Try it
Copy the data that follows exactly as it is, excluding all pictures.

Top of Provided material

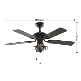Kontrastowy wentylator sufitowy Anariki ze stali i drewna dębowego Każdy, kto szuka stylowego wentylatora sufitowego, nie zawiedzie się na modelu Anariki. Jest on wykonany z czarnej stali i pięciu dębowych łopatek. W środku znajdują się trzy gniazda, do których można włożyć odpowiednie żarówki. Funkcje Dwa przełączniki pociągane na obudowie wentylatora sufitowego Anariki sterują jego obrotami i oświetleniem. Za pomocą przełącznika można zmienić bieg z do przodu na wsteczny.
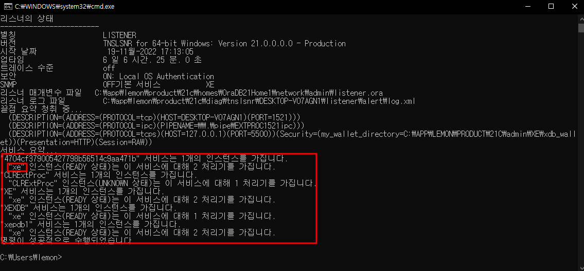 -lsnrctl status 명령어를 입력해서 오라클 리스너 상태를 확인합니다.
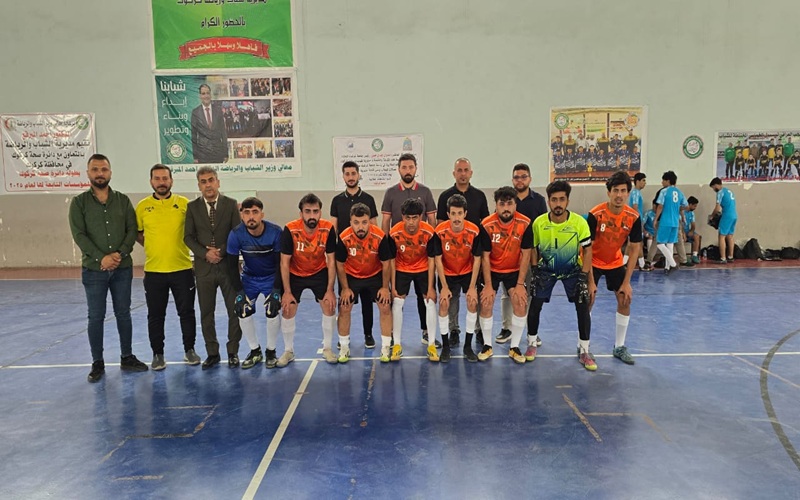 The participation of the Basic Education College team in the Faleh Al-Din Kaki indoor football championship.

Bottom of Provided material

Solution for this exercise
Kontrastowy wentylator sufitowy Anariki ze stali i drewna dębowego Każdy, kto szuka stylowego wentylatora sufitowego, nie zawiedzie się na modelu Anariki. Jest on wykonany z czarnej stali i pięciu dębowych łopatek. W środku znajdują się trzy gniazda, do których można włożyć odpowiednie żarówki. Funkcje Dwa przełączniki pociągane na obudowie wentylatora sufitowego Anariki sterują jego obrotami i oświetleniem. Za pomocą przełącznika można zmienić bieg z do przodu na wsteczny.
 -lsnrctl status 명령어를 입력해서 오라클 리스너 상태를 확인합니다.
 The participation of the Basic Education College team in the Faleh Al-Din Kaki indoor football championship.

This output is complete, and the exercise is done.